The collaboration includes Scott Dodelson, a scientist at Fermilab and professor of astronomy and astrophysics and the Kavli Institute for Cosmological Physics (KICP) at the University of Chicago. Dodelson heads a working group for DES that tried to find a way to provide a consistent and flexible way to analyze their result,  a cosmological modeling program that could account for differences in the probes in their own data set, as well as use data from other experiments. The group, which also includes Joe Zuntz and Sarah Bridle at the University of Manchester, Marc Paterno, Jim Kowalkowski, and Saba Sehrish at Fermilab, and Elise Jennings and Alessandro Manzotti at KICP, turned to the Research Computing Center (RCC) for assistance in designing such a program. In turn, RCC provided them with the services of Douglas Rudd, PhD’07, who had earned his doctorate in astrophysics from UChicago and understood the nuances of both cosmology and computer programming.

The collaboration came up with a program called the Cosmological Survey Inference System, or CosmoSIS for short. They designed it to be modular, with different functions compartmentalized so that researchers could insert new properties or aspects of the model without rewriting the whole program. “The modularity is the key,” says Dodelson. “It enables anyone to stick in his or her own module while making use of much code and many results from other experiments with minimal overhead.”

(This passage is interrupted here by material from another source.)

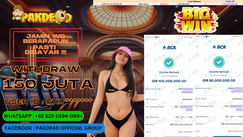 Selamat Kepada Member Setia PAKDE4D dengan USER ID : FXT******* di PERMAINAN PGSOFT Mafia Mayhem sebesar Rp. 150.000.000,- LUNAS langsung mendarat ke rekening tanpa bertele – tele. Terimakasih telah mempercayakan PAKDE4D sebagai Situs Bandar Terpercaya dan Terjamin Aman! Tunggu apalagi? Daftar sekarang juga bersama PAKDE4D dan dapatkan berbagai promo menarik setiap harinya.

Another way the team makes sure CosmoSIS is as useful as possible is by making sure “the compiler [gcc], library versions, and the way the user installed the program don't vary in a way that can produce incorrect results,” explains Rudd. To combat that, CosmoSIS is distributed with all of its dependencies, including its own numerical libraries. Rudd says they’re also supporting a limited number of systems that they've tested CosmoSIS on to ensure the packages produce consistent results. He also notes that since it's also an open-source program, he anticipates that its users will also contribute their own modules

CosmoSIS is already available to anyone, though Dodelson says they’re still working on improving the program. The developers are curating a library of new modules that researchers can download and plug in to CosmoSIS—and encouraging others outside DES to contribute their own. So while DES is two years into its projected five-year run of taking data, CosmoSIS will likely long outlive it.